- EXERCISE
Exactly and only the lines below from the one containing "浩庆组建了专业的健康与减肥运" down to the one containing "in 2018. | ||||" are wanted, both included; please exclude every picture.

- MATERIAL SHOWN

== Segment start ==

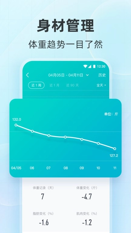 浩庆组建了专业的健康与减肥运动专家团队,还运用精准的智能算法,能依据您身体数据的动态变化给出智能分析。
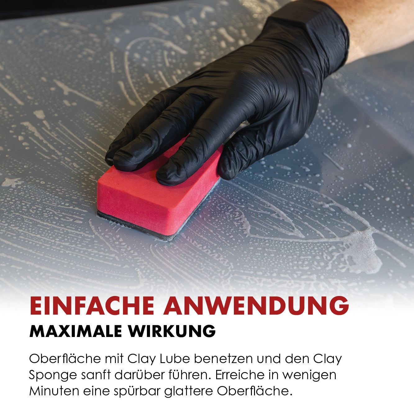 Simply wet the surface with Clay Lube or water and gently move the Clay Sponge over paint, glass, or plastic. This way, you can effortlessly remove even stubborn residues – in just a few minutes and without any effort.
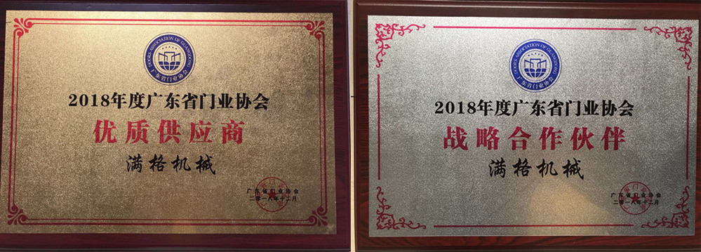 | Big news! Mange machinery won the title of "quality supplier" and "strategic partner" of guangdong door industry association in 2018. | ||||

== Segment end ==
== Segment start ==

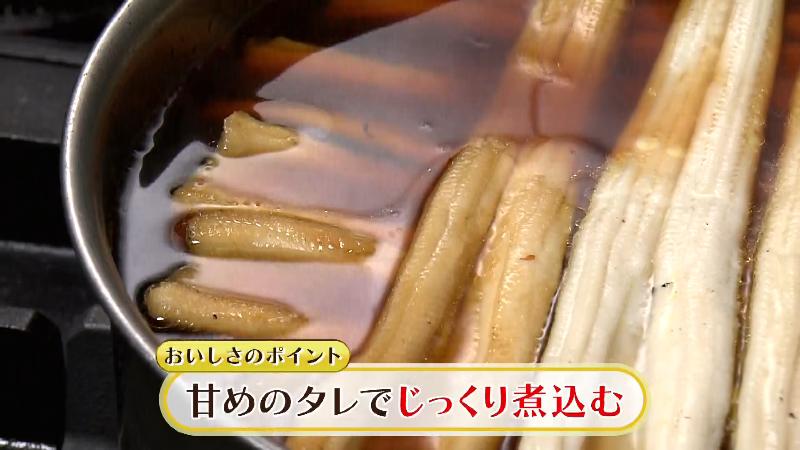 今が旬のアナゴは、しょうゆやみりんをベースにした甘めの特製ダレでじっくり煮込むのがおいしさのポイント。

== Segment end ==

- COMPLETED TASK
 浩庆组建了专业的健康与减肥运动专家团队,还运用精准的智能算法,能依据您身体数据的动态变化给出智能分析。
 Simply wet the surface with Clay Lube or water and gently move the Clay Sponge over paint, glass, or plastic. This way, you can effortlessly remove even stubborn residues – in just a few minutes and without any effort.
 | Big news! Mange machinery won the title of "quality supplier" and "strategic partner" of guangdong door industry association in 2018. | ||||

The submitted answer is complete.